#### Exercise prompt
Of the lines in the listing below, count those containing "touch". Provide the count and nothing else.

#### Entries provided
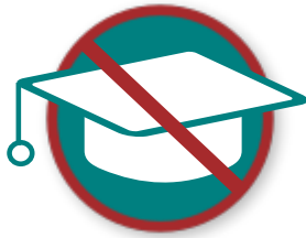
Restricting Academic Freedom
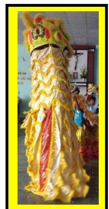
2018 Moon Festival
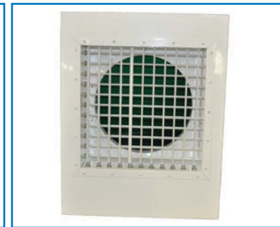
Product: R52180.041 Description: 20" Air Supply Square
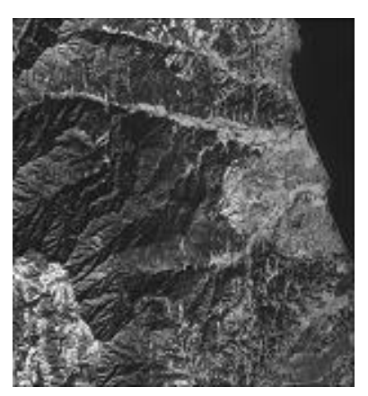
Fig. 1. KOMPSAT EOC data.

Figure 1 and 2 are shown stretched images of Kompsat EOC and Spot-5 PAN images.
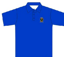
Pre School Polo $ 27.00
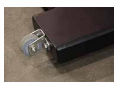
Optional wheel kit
* * *
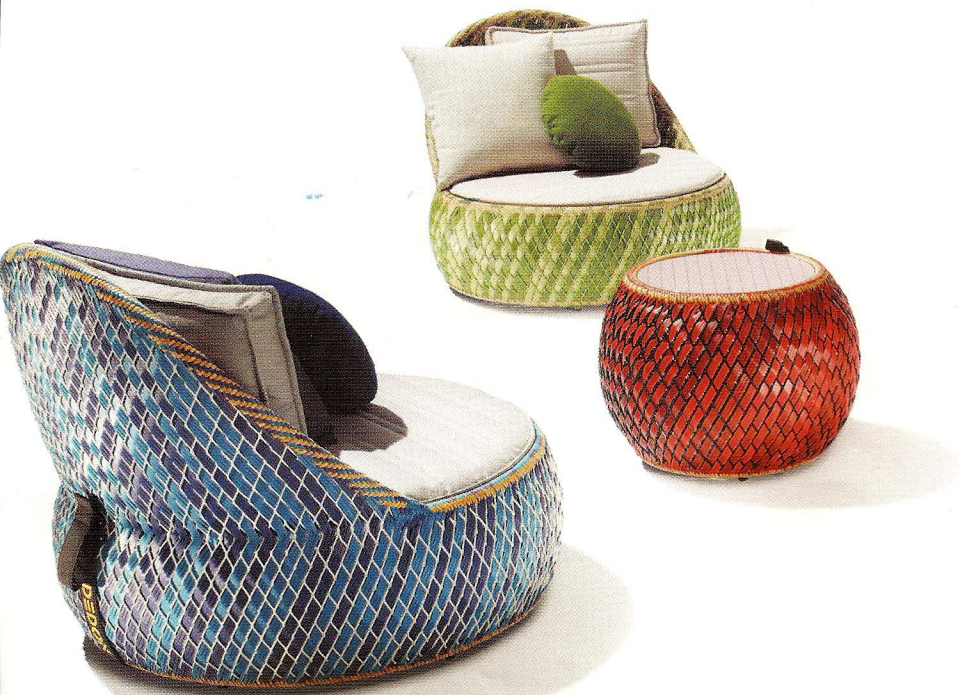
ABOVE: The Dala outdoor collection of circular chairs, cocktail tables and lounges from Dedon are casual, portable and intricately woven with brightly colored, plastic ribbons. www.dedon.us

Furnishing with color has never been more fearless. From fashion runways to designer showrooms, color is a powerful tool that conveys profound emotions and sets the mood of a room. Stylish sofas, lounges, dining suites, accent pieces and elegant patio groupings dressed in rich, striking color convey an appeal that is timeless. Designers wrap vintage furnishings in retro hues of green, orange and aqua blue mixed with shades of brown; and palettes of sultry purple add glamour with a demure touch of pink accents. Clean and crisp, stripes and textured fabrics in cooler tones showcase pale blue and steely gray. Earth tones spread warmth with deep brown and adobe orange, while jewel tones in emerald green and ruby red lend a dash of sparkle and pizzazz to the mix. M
---
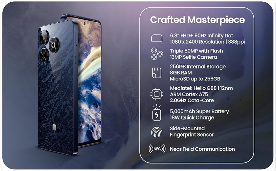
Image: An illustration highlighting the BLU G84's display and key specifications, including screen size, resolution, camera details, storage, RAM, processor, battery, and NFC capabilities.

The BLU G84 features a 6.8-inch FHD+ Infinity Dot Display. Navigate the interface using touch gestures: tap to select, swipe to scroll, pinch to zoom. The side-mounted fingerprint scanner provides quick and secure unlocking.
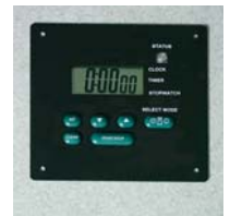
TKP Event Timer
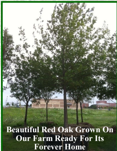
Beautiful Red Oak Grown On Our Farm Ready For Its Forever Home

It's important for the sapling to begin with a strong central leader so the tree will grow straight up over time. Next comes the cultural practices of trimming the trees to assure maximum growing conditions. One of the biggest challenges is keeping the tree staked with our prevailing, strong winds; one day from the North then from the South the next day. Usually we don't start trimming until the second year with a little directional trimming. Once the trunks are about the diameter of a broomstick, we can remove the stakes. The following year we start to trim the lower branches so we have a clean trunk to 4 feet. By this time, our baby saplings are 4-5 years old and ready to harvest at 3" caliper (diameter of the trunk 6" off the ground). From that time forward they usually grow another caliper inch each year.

#### Completed exercise
2